[Task objective]: In the listing beneath this line, copy exactly the lines starting with the one containing "우선 제품을 받으면 가장" and going on through the one containing "для вивантаження адсорбенту;".

[Supplied information]:
◇ ◇ ◇ ◇

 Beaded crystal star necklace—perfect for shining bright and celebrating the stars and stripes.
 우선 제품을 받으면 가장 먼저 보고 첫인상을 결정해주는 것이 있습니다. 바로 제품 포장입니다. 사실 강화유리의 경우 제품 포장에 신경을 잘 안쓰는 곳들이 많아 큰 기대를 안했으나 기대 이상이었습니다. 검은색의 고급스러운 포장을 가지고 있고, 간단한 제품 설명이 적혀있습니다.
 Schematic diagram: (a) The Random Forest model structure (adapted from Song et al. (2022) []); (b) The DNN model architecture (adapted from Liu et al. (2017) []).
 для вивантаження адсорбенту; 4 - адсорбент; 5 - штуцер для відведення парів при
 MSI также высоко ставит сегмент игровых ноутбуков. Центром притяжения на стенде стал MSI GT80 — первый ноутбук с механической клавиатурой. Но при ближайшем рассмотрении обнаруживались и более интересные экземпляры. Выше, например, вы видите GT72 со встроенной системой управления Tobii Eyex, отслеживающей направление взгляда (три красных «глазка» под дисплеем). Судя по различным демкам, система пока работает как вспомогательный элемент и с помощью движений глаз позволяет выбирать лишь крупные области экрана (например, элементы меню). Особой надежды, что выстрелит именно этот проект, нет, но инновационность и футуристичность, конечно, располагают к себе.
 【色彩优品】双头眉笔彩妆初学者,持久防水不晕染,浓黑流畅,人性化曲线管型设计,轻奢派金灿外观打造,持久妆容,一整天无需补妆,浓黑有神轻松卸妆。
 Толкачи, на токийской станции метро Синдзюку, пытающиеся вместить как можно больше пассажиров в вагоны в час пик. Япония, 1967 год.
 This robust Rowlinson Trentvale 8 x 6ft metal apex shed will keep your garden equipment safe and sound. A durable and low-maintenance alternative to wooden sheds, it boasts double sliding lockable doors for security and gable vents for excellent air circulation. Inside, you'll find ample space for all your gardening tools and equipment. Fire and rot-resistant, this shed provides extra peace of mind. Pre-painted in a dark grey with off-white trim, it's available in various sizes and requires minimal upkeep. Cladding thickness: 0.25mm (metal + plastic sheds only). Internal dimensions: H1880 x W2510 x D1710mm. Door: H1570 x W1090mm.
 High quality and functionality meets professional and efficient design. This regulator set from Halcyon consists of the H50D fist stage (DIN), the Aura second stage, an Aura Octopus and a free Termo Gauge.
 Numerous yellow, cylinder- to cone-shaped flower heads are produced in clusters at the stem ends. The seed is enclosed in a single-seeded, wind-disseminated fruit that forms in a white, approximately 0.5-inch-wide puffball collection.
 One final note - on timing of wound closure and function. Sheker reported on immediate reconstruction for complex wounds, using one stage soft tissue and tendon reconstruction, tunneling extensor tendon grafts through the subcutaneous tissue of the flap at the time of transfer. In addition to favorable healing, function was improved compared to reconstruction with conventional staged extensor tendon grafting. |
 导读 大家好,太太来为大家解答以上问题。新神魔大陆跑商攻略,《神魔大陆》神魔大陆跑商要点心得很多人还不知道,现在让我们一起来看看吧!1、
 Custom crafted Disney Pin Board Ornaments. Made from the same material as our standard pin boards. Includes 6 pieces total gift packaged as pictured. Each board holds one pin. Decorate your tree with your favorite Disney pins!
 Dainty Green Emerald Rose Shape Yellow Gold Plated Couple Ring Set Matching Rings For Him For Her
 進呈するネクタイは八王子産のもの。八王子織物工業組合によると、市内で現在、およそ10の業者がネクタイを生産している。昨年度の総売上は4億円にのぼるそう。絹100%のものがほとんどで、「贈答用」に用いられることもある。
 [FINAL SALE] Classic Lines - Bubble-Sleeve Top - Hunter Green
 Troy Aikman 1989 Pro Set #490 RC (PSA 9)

◇ ◇ ◇ ◇

[Solution for this task]:
 우선 제품을 받으면 가장 먼저 보고 첫인상을 결정해주는 것이 있습니다. 바로 제품 포장입니다. 사실 강화유리의 경우 제품 포장에 신경을 잘 안쓰는 곳들이 많아 큰 기대를 안했으나 기대 이상이었습니다. 검은색의 고급스러운 포장을 가지고 있고, 간단한 제품 설명이 적혀있습니다.
 Schematic diagram: (a) The Random Forest model structure (adapted from Song et al. (2022) []); (b) The DNN model architecture (adapted from Liu et al. (2017) []).
 для вивантаження адсорбенту; 4 - адсорбент; 5 - штуцер для відведення парів при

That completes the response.